There is another, final, approach I would like to suggest for understanding the work of this artist now. In discussing the link between the sensorial and the intellectual, it’s a bridge that is difficult to avoid: that of the recreational drug experience, the journey of the drug user. One could think for instance of the user of narcotics or downers, someone who consumes drugs to numb experience and insulate oneself from the world. These are the users of opioids and tranquilizers—heroin, methadone, etc.—the high that slows the body and the mind into a euphoric state of tranquility and sedation: the user nodding off, alone or with other junkies. More interesting for the present discussion is the seeker of the psychedelic high. This class of drug users has an equally wide variety of drugs to ingest in order to temporarily alter his perception of the world rather than simply shelter himself from it. This is the acid day tripper, for example, who journeys into nature with friends for a temporary communion with the world of plants and animals. Regardless of whatever spiritual value or dimension this class of drug user places on his trips, there is a key distinction between him and the seeker of the opioid high. The day tripper, in his journey through nature or the city streets or the nightclub, seeks essentially to be a part of the world, rather than apart from it. This dimension of the psychedelic high cannot be understated, for the goal is without question to look into things more deeply, with greater curiosity and enthusiasm—rather than simply shut one’s eyes in numbing resignation. The experience of the day tripper on his journey will be firmly rooted in the things seen or experienced in the material world around him: inanimate objects will develop personalities and speak, colors from nature will bleed and transform themselves, latent emotions and memories will be uninhibited.

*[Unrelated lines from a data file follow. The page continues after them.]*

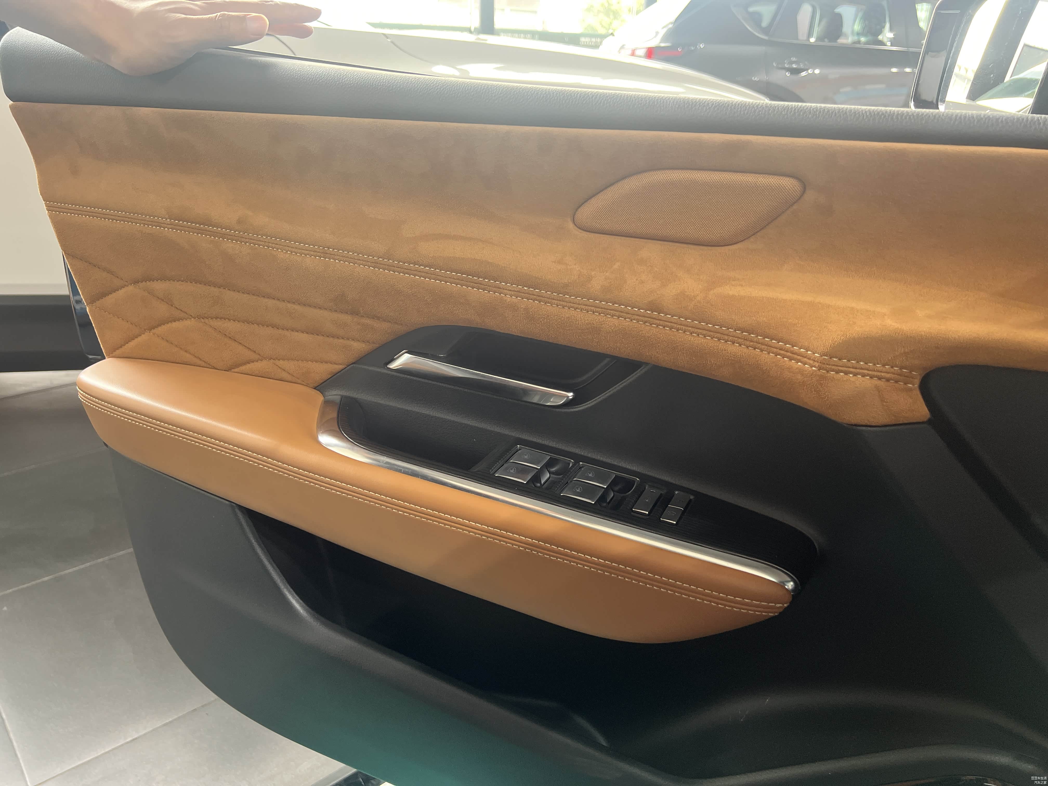 侧门板采用的是仿麂皮的内饰材料,看起来很上档次。双色的内饰设计师非常养眼的,法式双缝线的细节拉满。
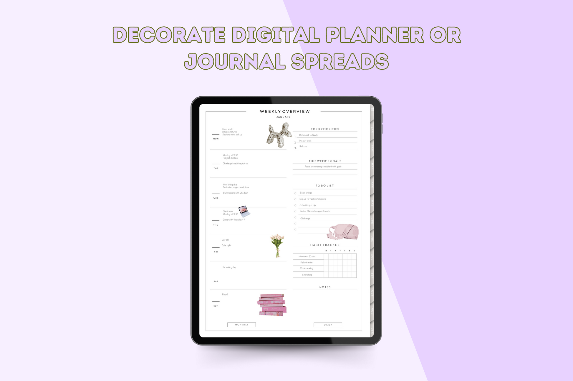Spice up your digital planner or journal spreads with these fun hand illustrated doodle digital planner stickers! They come as a pre cropped Goodnotes file to easily copy and paste into your spreads!
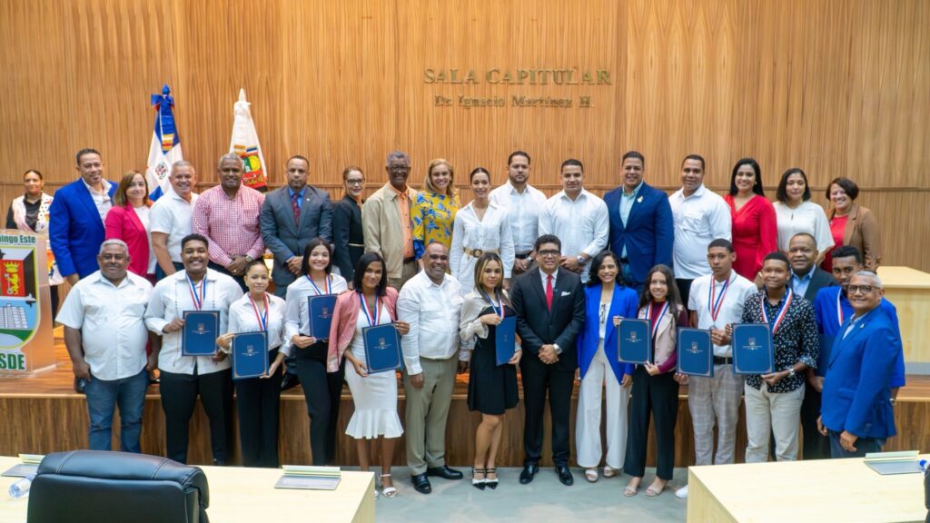 Santo Domingo Este.– En un emotivo acto, el alcalde de Santo Domingo Este, Dío Astacio, recibió en las instalaciones del Palacio Municipal José Francisco Peña Goméz, a un grupo de jóvenes estudiantes meritorios de las tres circunscripciones de este municipio, a quienes se les hizo entrega de placas y certificados por su excelencia académica. Además, de vivir la experiencia de ser “Alcaldes por un Día”.

When one dreams, one is necessarily alone. To unleash a dream image into the social world, then, allows it to inhabit memory in a way the dream images we encounter in sleep cannot. Reflection and thought are suddenly (miraculously!) possible in a way that they simply aren’t in the quickly disintegrating and lonely realm of sleep. What a mysterious pleasure it is to be able to point to the hovering spacecraft, drifting above the city, and exclaim to the man standing next to you that, yes, there it is, but what is it….?
In Coffin’s Untitled (Dreaming Seagull), we see a life-size taxidermied seagull in quiet repose. Its eyes firmly shut, the bird assumes the posture of sleep. Rather than crouching in a sheltering stance, burying its beak in its feathers (as some sleeping birds do), or hiding itself, Coffin’s seagull instead stands fully erect, seemingly as alert as any wakeful creature. The seagull’s eyes, however, remain firmly shut. Coffin’s bird is one that dreams actively—willfully suspended in a state between, on the one hand, a poised wakefulness, and on the other, a rejection of the reality and artifice by which it is both surrounded and constituted.